Rungano Nyoni’s I Am Not a Witch is a surreal deadpan satire.
No Harry Potter
by Alexa DalbyI Am Not a Witch
[rating=3]
CAUTION: Here be spoilers
I Am Not a Witch starts as a deadpan satire of African traditionalism – but also how it’s exploited by Africans. It opens with overweight, white, camera-toting tourists being taken round a ‘witch camp’, where lines of women in blue uniforms and face paint sit like wildlife sighted in a safari. Whether or not they are ‘witches’, it’s a strikingly touristic commercial opportunity.
In the village, an eight-year-old orphan, Shula (Maggie Mulubwa) is accused of witchcraft because she stared and then a woman drops the container of water she was carrying on her head – an unthinkable occurrence. She never speaks to confirm or deny it. The police officer (Nellie Munamonga) hears the far-fetched denunciations of neighbours impassively and escalates the matter upwards to the lazy, self-important local government official Mr Banda ( Henry B.J. Phiri), who sees a young ‘witch’ as being eminently exploitable. He himself lives with a glamorous ex-witch (Nancy Murilo), who tends to his needs. Shula is sent to the ‘witch camp’, where it seems that most are older women who have been put there by their families as a way of getting rid of them and avoiding the cost of feeding them.

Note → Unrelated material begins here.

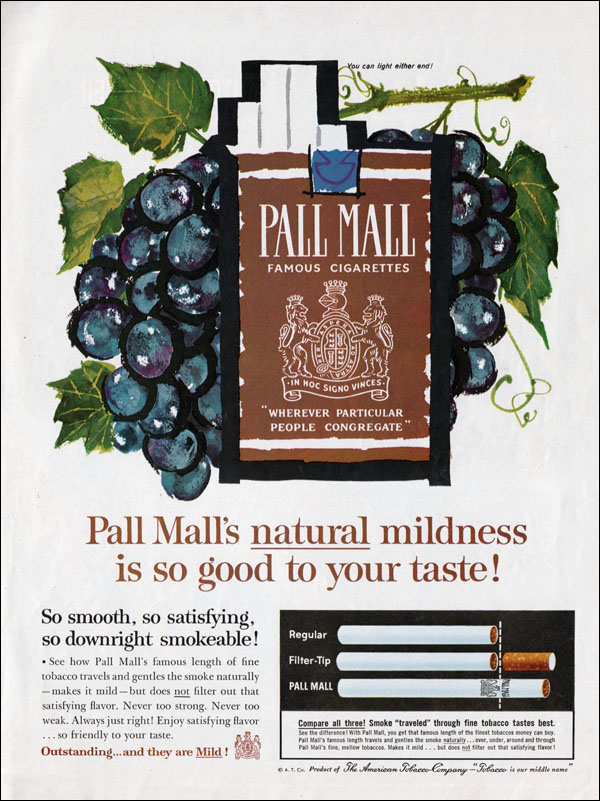 The association of cigarettes with fruits was a clever touch, but Pall Mall was doomed, as filtered cigarette would so dominate the market that they were regarded as the default. Unfiltered cigarettes would be called as such.

In the new life with the witch duties he imposes on her, Mr Banda hires her out on a rough-justice career of picking out the guilty party from identity parades and as a rainmaker for the drought-stricken crops.

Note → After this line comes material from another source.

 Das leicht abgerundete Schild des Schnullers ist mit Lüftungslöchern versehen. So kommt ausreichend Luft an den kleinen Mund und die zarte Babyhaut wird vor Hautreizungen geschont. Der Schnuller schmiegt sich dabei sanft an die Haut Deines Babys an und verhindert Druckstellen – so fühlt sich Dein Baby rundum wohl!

I Am Not a Witch is also a feminist parable. ‘Witches’ – all female – are attached by harnesses to long white tapes to stop them flying away, which unwind from giant spools that they have to carry with them everywhere. It’s a vivid visual metaphor. Shula is told that if she cuts the tape, she will turn into a goat. That’s the choice she’s faced with.
Zambian-Welsh writer and director Rungano Nyoni for her first film has created a surreal parable that encompasses in its satire the corruption of traditional beliefs by both traditional rulers and modern African bureaucrats, inherent misogyny and the powerlessness of women. Her style is to use long takes, sometimes held where nothing is happening in shot but offscreen you can hear the action continuing in a way that’s already been implied. It creates a sense of blustering incompetence that threatens a chaos that always manages to be avoided as society reasserts itself. A long trailer like a carnival float where ‘witches’ sit impassively is a recurring image. Cinematographer David Gallego has shot the arid landscapes in washed-out, almost pastel colours that give a sense of a land that’s in decline. There’s a deliberate ridiculous incongruity between the mundanity of the visuals at times and the florid classical music track that accompanies them – Vivaldi and opera – but also Estelle’s American Boy. Nyoni’s film has narrative ambiguities but it’s a striking debut.
I Am Not a Witch premiered at the 70th Cannes Film Festival, screened at the 61st BFI London Film Festival and is released on 20 October 2017 in the UK.